The Power of a Single Light

Former Liverpool architect and author of Cancer 4 Me 5

These are troubled times in our world. The likes of which we have not seen for a long time. Almost all of the foundations of our very existence have been affected in some way. Our universal cornerstones of health, politics, trade, climate, travel and social interaction are not functioning as they once did and should. Nothing seems normal anymore.

It would be easy to get downhearted.

When the entire world is in chaos we all need personal stories of inspiration like never before. They show us that even in the blackest of holes, the most amazing chinks of light will still appear. They become the individual shining stars in the vastness of the night sky to prove that complete darkness will never prevail. A catastrophe may be global, but it just takes one human to demonstrate the amazing power of human spirit. 

From a little place in Ireland, I appear to have been handed one of those stories.

19 years ago I was anonymous in the world, and happy to be so. I was working from home in a little town with my wife and family. I had never smoked or been ill. I had run 6 marathons. I was never destined to be writing these words for you all on Gov. Talk.
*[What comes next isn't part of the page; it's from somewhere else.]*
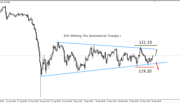 Nothing to be said in the range market, technically, we are awaiting a successful breakout for the shown symmetrical triangle. So, 121 & 119.20 we will consider it the upper band and lower band for the that range behaviour, respectively.
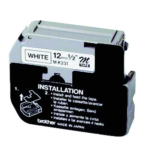 Beschriftungsband schwarz auf weiß 12 mm, Standardband, nicht laminiert, Druckfarbe: schwarz, Bandfarbe: weiß

Then, out of the blue, I began to get headaches.

I was eventually admitted to my local hospital with a suspected sinus infection. I just required a very routine procedure to flush it out. When my consultant arrived at my bed the next day it didn’t take me long to work out something was wrong. The facial expressions were not what they should have been. He told me that when they went in they were shocked to discover one of the worst cases of Head & Neck cancer ever seen. I now had about a month to live.

Very few surgeons in the world, he told me, could even look at a case like mine. But my tumor was so advanced and extensive I would also need a radical radiotherapist. There were very few of them around too. If they did exist, he said and were prepared to treat me, the chances were the surgeon would be in New York, but the radiotherapist would be in Tokyo.

I needed the two of them in one place.  Now! From nowhere, the end of my life had just appeared right in front of me.

I asked him the ultimate question any medical consultant can be asked.

“What would you do if this was you”

He told me he had spent 3 years in what he regarded as a center of excellence for Head & Neck cancer in Liverpool. The people there he said, would be more familiar with the condition I now had. If he was me, he would go to Liverpool.

But he added that he didn’t expect them to say anything different from what he had just told me. My tumor was so severe it was inoperable.

When the entire world is in chaos we all need personal stories of inspiration like never before.

LIAM RYAN

A week later Professor Simon Rogers and David Husband assessed me in Liverpool. In that meeting both of these men also believed I could not survive the devastating surgery that was required, but they didn’t tell me that. They were impressed by my acceptance of where I now was and my fighting spirit. I just wanted a chance. If I was going down, I wanted to be able to go down in the ring with my gloves on. In the end, although they didn’t think I would make it, they both felt they had to give me a shot.

The rest is history!

The problem with serious Head & Neck cancer is the complex treatment required will invariably put you in the grave before the cancer gets to you. The surgery required was going to be so destructive that I if I survived by losing my sight, speech, hearing or brain or physical capacity and lived for a few years it still would have been a huge success.

Survival was all that was on the horizon. And it wasn’t even on the horizon.

But 19 years later I am still here.

My amazing story has now found its way to most corners of the world to encourage many more to come behind me. I get wonderful messages, most days, from cancer patients everywhere telling me what it does for them. There is always hope. I have become the proof of that.

So in these strange times if I need a story to keep me going all I have to do is pull out my own. There is nothing bigger in this world than not being part of it. I should have died, many times, in 2002. Every single day of the last 19 years of my life has been handed to me as an amazing, unexpected, gift.

Very little will faze me after that.